> _Exercise details_
Nothing but the lines from the one showing "BB_Uniform, school uniform, black" through the final line of the data below belongs in the answer, duplicated exactly and without pictures.

*** Dataset section ***

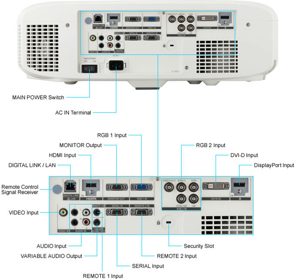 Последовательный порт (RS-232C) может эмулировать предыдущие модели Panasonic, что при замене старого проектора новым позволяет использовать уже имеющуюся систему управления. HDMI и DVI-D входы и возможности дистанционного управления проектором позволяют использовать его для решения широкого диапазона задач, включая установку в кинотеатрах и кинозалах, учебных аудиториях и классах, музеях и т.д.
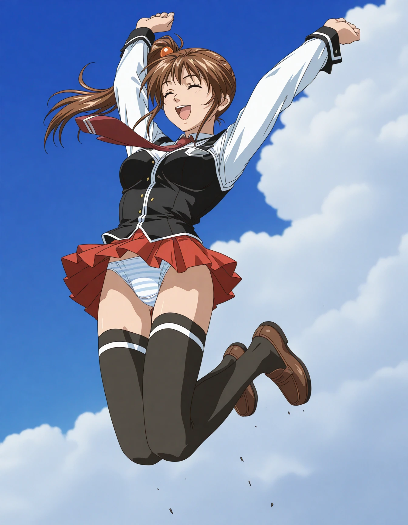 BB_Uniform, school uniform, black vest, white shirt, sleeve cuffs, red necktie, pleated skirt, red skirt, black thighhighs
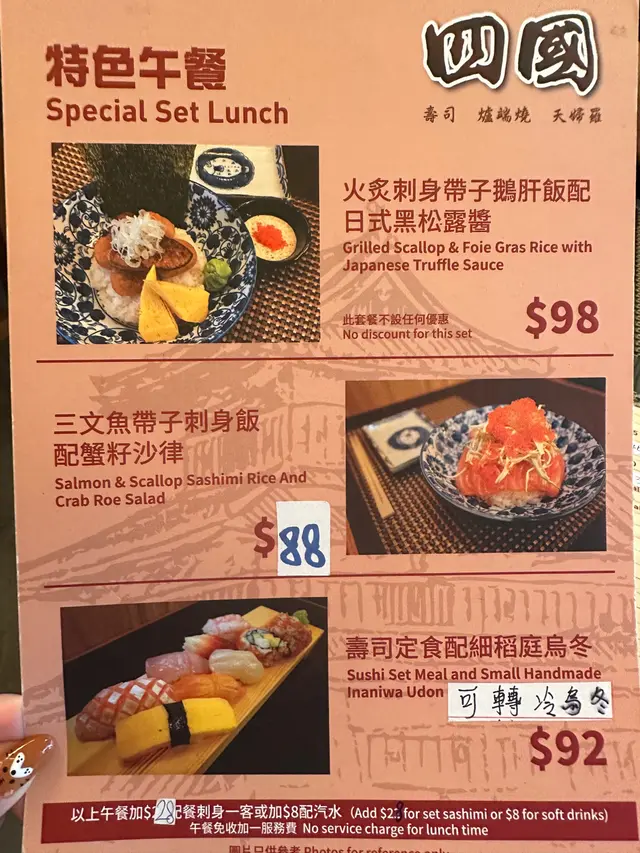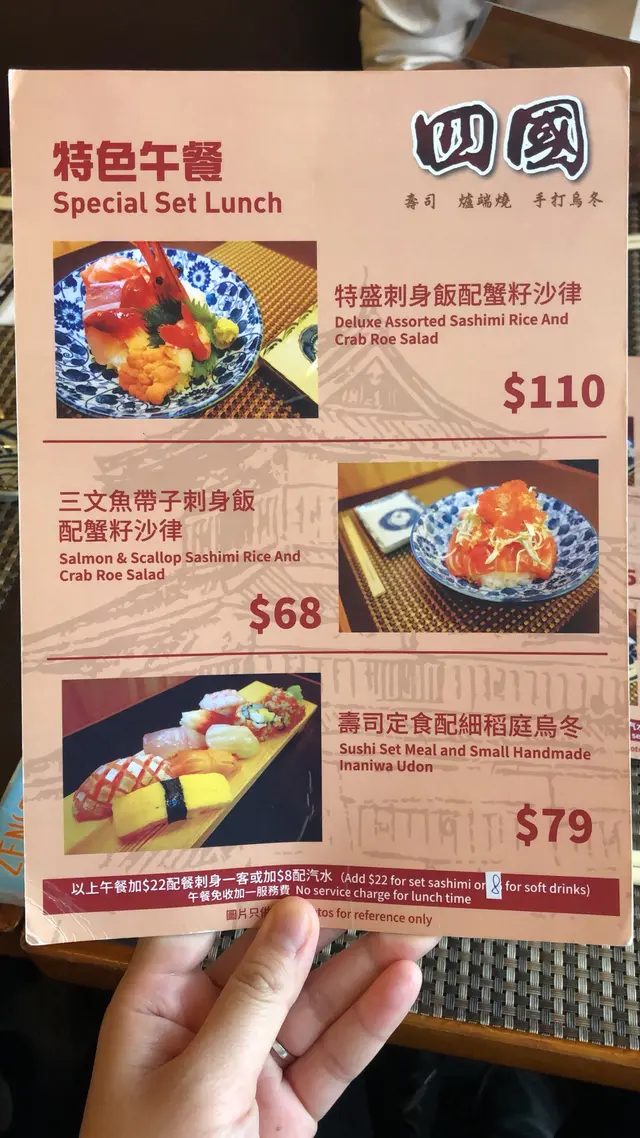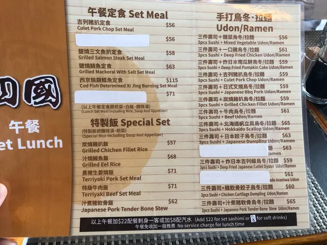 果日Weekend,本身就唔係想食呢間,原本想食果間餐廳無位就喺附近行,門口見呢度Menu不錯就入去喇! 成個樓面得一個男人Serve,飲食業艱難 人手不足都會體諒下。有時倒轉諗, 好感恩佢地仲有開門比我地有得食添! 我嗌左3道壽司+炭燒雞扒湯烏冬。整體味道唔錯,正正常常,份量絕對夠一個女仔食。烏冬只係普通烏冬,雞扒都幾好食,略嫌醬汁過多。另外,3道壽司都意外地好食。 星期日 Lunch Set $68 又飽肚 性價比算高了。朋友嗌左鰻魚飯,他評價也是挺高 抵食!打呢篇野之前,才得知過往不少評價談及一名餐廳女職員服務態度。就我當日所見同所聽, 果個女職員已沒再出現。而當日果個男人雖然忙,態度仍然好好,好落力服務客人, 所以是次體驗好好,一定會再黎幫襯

*** End of Dataset section ***

> _Solution to the problem_
 BB_Uniform, school uniform, black vest, white shirt, sleeve cuffs, red necktie, pleated skirt, red skirt, black thighhighs
 果日Weekend,本身就唔係想食呢間,原本想食果間餐廳無位就喺附近行,門口見呢度Menu不錯就入去喇! 成個樓面得一個男人Serve,飲食業艱難 人手不足都會體諒下。有時倒轉諗, 好感恩佢地仲有開門比我地有得食添! 我嗌左3道壽司+炭燒雞扒湯烏冬。整體味道唔錯,正正常常,份量絕對夠一個女仔食。烏冬只係普通烏冬,雞扒都幾好食,略嫌醬汁過多。另外,3道壽司都意外地好食。 星期日 Lunch Set $68 又飽肚 性價比算高了。朋友嗌左鰻魚飯,他評價也是挺高 抵食!打呢篇野之前,才得知過往不少評價談及一名餐廳女職員服務態度。就我當日所見同所聽, 果個女職員已沒再出現。而當日果個男人雖然忙,態度仍然好好,好落力服務客人, 所以是次體驗好好,一定會再黎幫襯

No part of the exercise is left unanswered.